Liczenie głosów w internecie?
Treść
Prawo i Sprawiedliwość chce wycofania wprowadzonych całkiem niedawno zmian w kodeksie wyborczym. Przy okazji prac nad kolejną jego nowelizacją politycy tej partii domagają się m.in. wycofania zapisu o dwudniowych wyborach oraz głosowaniu przez pełnomocnika.
Do Trybunału Konstytucyjnego trafił już wniosek Prawa i Sprawiedliwości o zbadanie konstytucyjności zapisu o możliwości przeprowadzenia wyborów w ciągu dwóch dni, dodatkowo politycy tej partii chcą w ogóle wykreślić z kodeksu wyborczego zapis o dwudniowym głosowaniu. Przeciwni temu są jednak posłowie Platformy. Przekonują, że rozłożenie głosowania na dwa dni pozwoli podwyższyć frekwencję wyborczą. Okazją na zgłoszenie kolejnych zmian w kodeksie są prowadzone przez Sejm prace nad jego kolejną nowelizacją. Przewodniczący klubu PiS Mariusz Błaszczak przekonywał wczoraj, iż dwudniowe wybory dają pole do "daleko idących nadużyć". Zwłaszcza jeśli niewłaściwa osoba odpowiednio "przypilnuje" w nocy urn wyborczych.

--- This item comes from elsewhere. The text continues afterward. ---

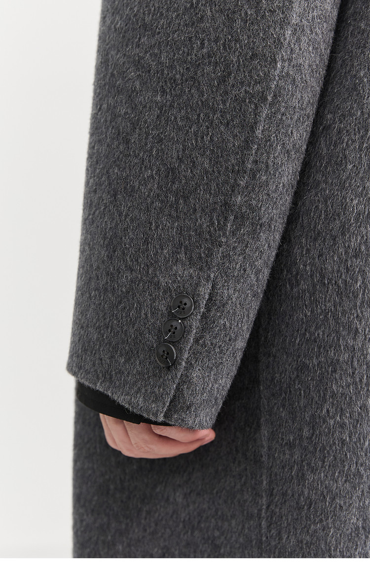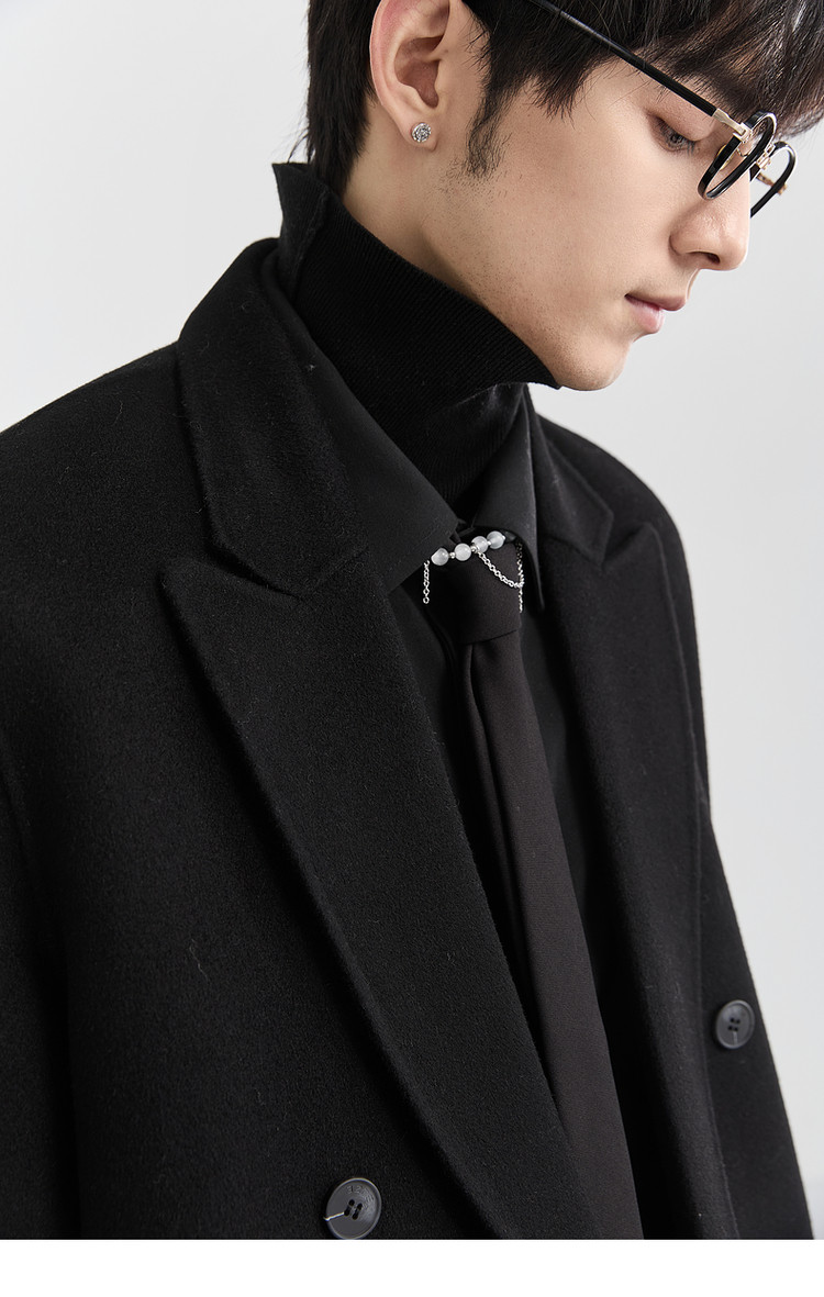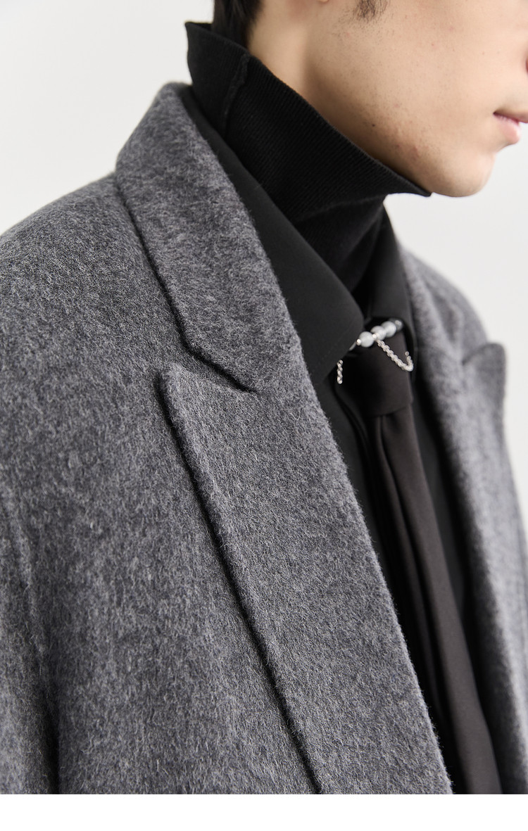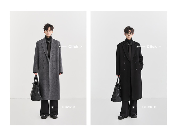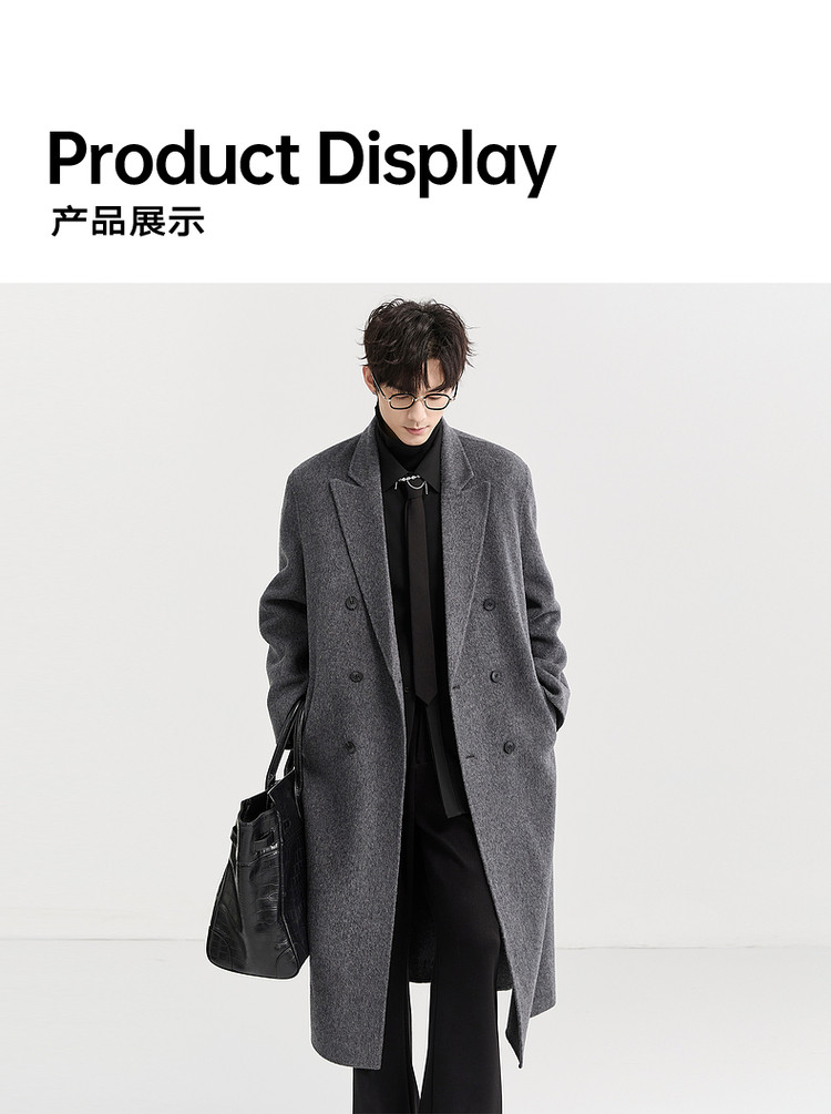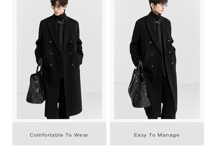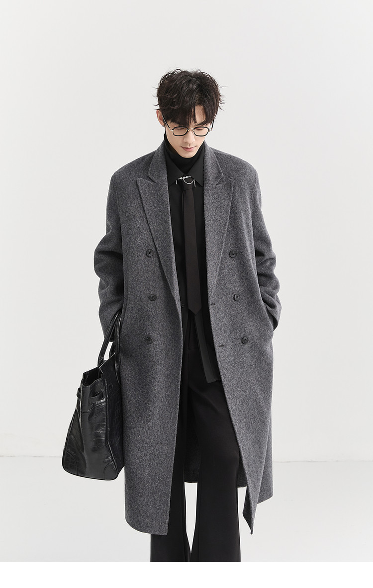 [All Wool Extra Long Style] Bjze Men's Winter High-End Fashion Over-The-Knee Double-Sided Wool Coat with Shoulder Pads

PiS chce usunięcia z kodeksu także innych zapisów, które mogą prowokować sytuacje podejrzenia o nieuczciwość wyborów. Między innymi wprowadzonej możliwości głosowania przez pełnomocnika. - Instytucja pełnomocnika przywodzi na myśl to, co słyszeliśmy podczas wyborów w 2007 roku. Wtedy mówiono: "Zabierz babci dowód". Chodziło o to, żeby babcia do wyborów nie poszła. Teraz babcia do wyborów nie pójdzie, ale za nią pójdzie pełnomocnik. Jak zagłosuje? Czy tak jak sobie życzyła babcia? - wątpił Błaszczak. Posłowie PiS chcą też wprowadzić lepszą kontrolę pracy komisji wyborczych. Europoseł PiS Janusz Wojciechowski przypomniał, że podczas jesiennych wyborów samorządowych oddano prawie 2 miliony głosów nieważnych, co może budzić wątpliwości co do uczciwości ich liczenia. PiS proponuje, aby komisje wyborcze pracowały pod okiem kamery, a transmisję z ich pracy można było obejrzeć w internecie.

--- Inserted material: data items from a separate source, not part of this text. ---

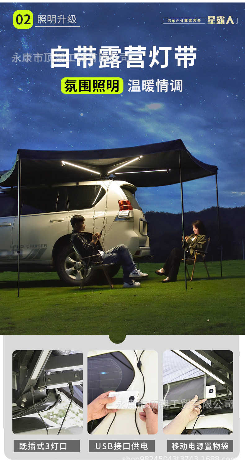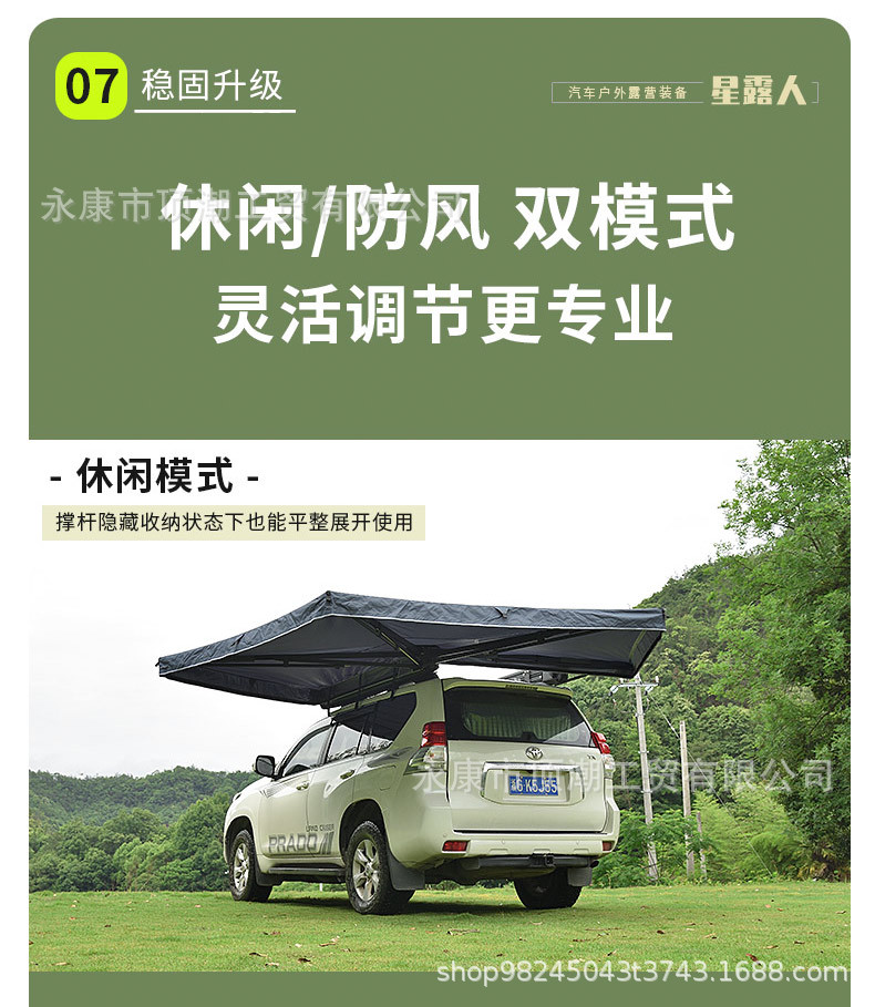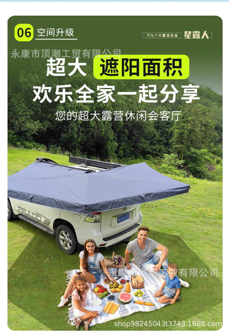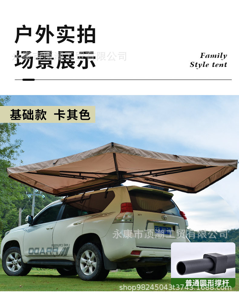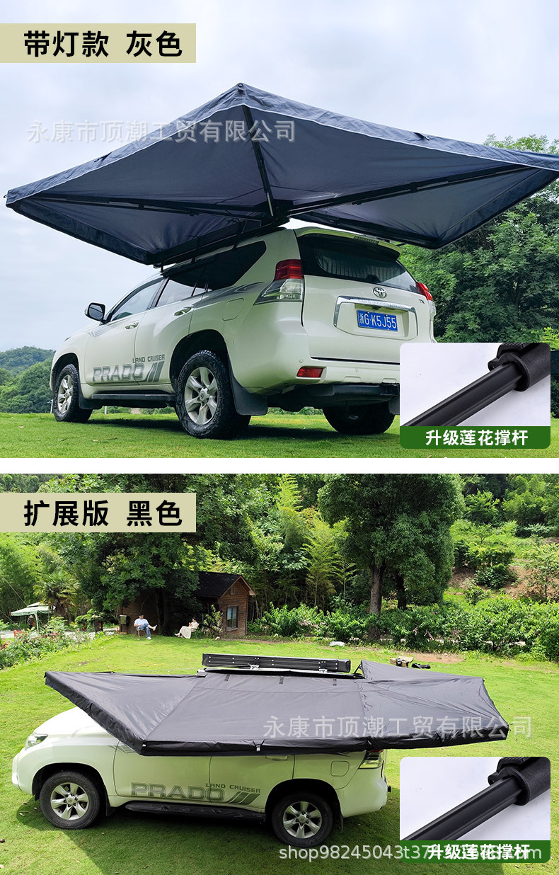 캐노피 자동차 차양 야외 SUV 자동차 측면 텐트 측면 계정 룸 지붕 270 도 다리없는 팬 모양의 측면 텐트
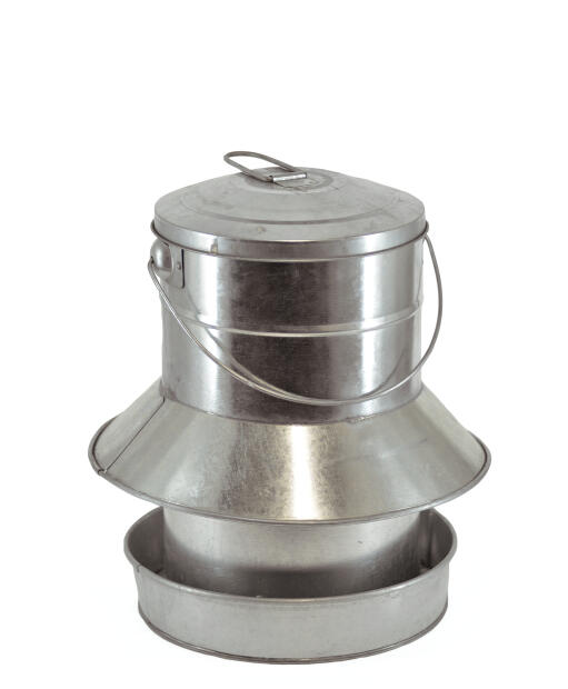 Rymlig fågelmatare för fågelfrö. Av galvaniserad plåt och försedd med skärm som skyddar maten mot väta och stora fåglar. Fylls på uppifrån genom det avtagbara locket. Bygel för upphängning. Rymmer hela 9,5 liter fågelmat.
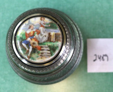VINTAGE ANTIQUE POWDER PUFF METAL TRINKET MUSIC BOX. Powder Pad Included
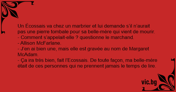 Un Écossais va chez un marbrier et lui demande s’il n’aurait pas une pierre tombale pour sa belle-mère qui vient de mourir.
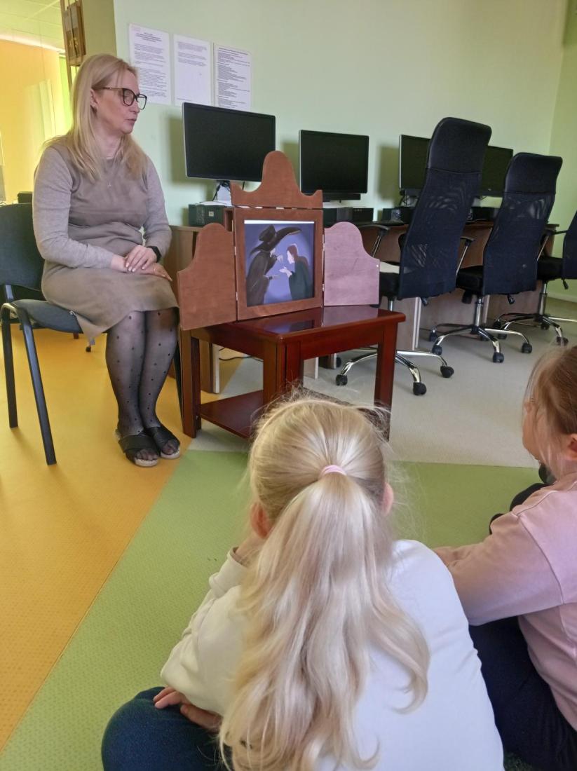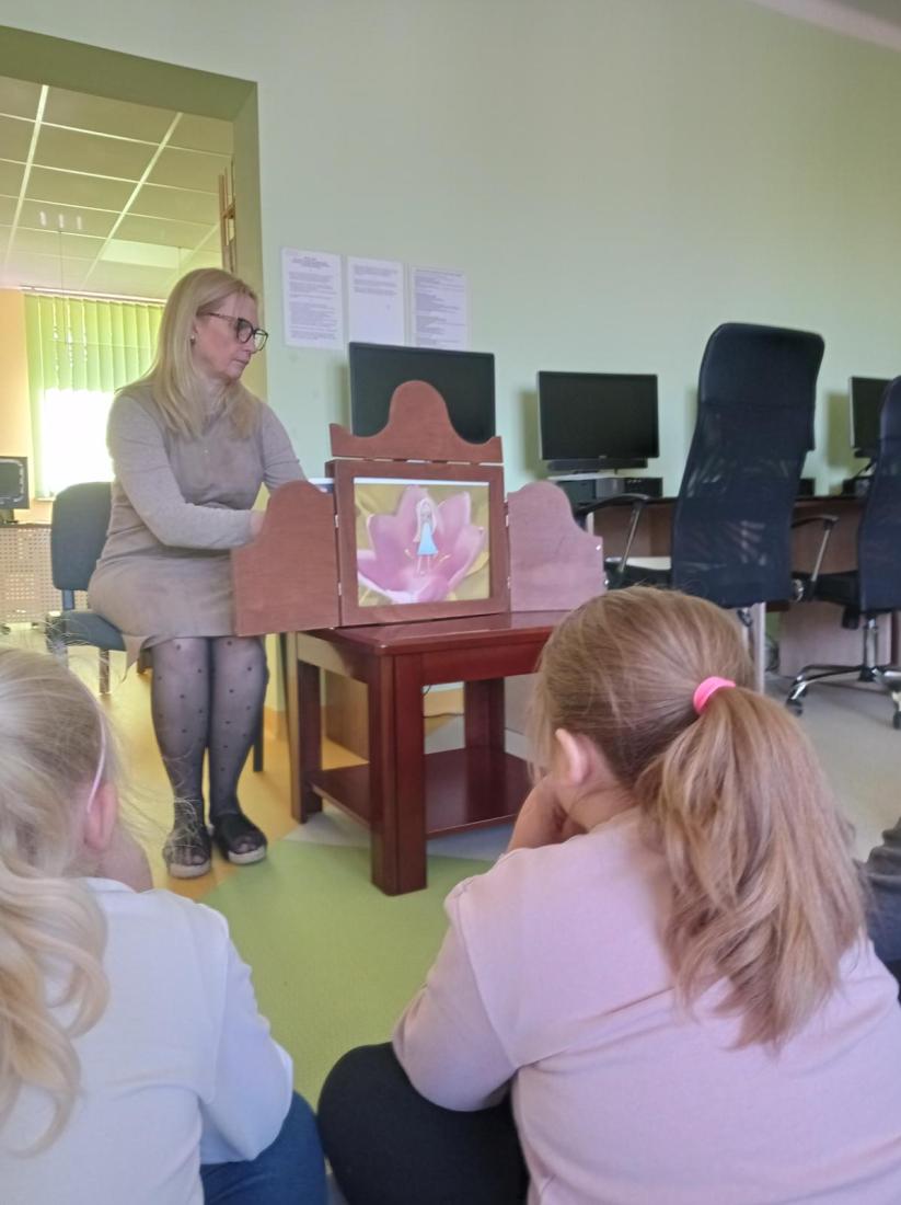 Urozmaiceniem zajęć było opowiedzenie przez bibliotekarza baśni pt.: „Calineczka”. Była to forma opowiedzenia baśni za pomocą obrazków wykonanych na specjalnych kartonowych planszach, która nazywa się teatrzykiem Kamishibai.

Wśród przygotowanych poprawek do kodeksu wyborczego politycy PiS wymienili również wniosek o wycofanie się z zakazu emisji spotów wyborczych w telewizji oraz zakazu reklamowania partii i kandydatów na billboardach, a także zniesienie wyborów do Senatu w okręgach jednomandatowych.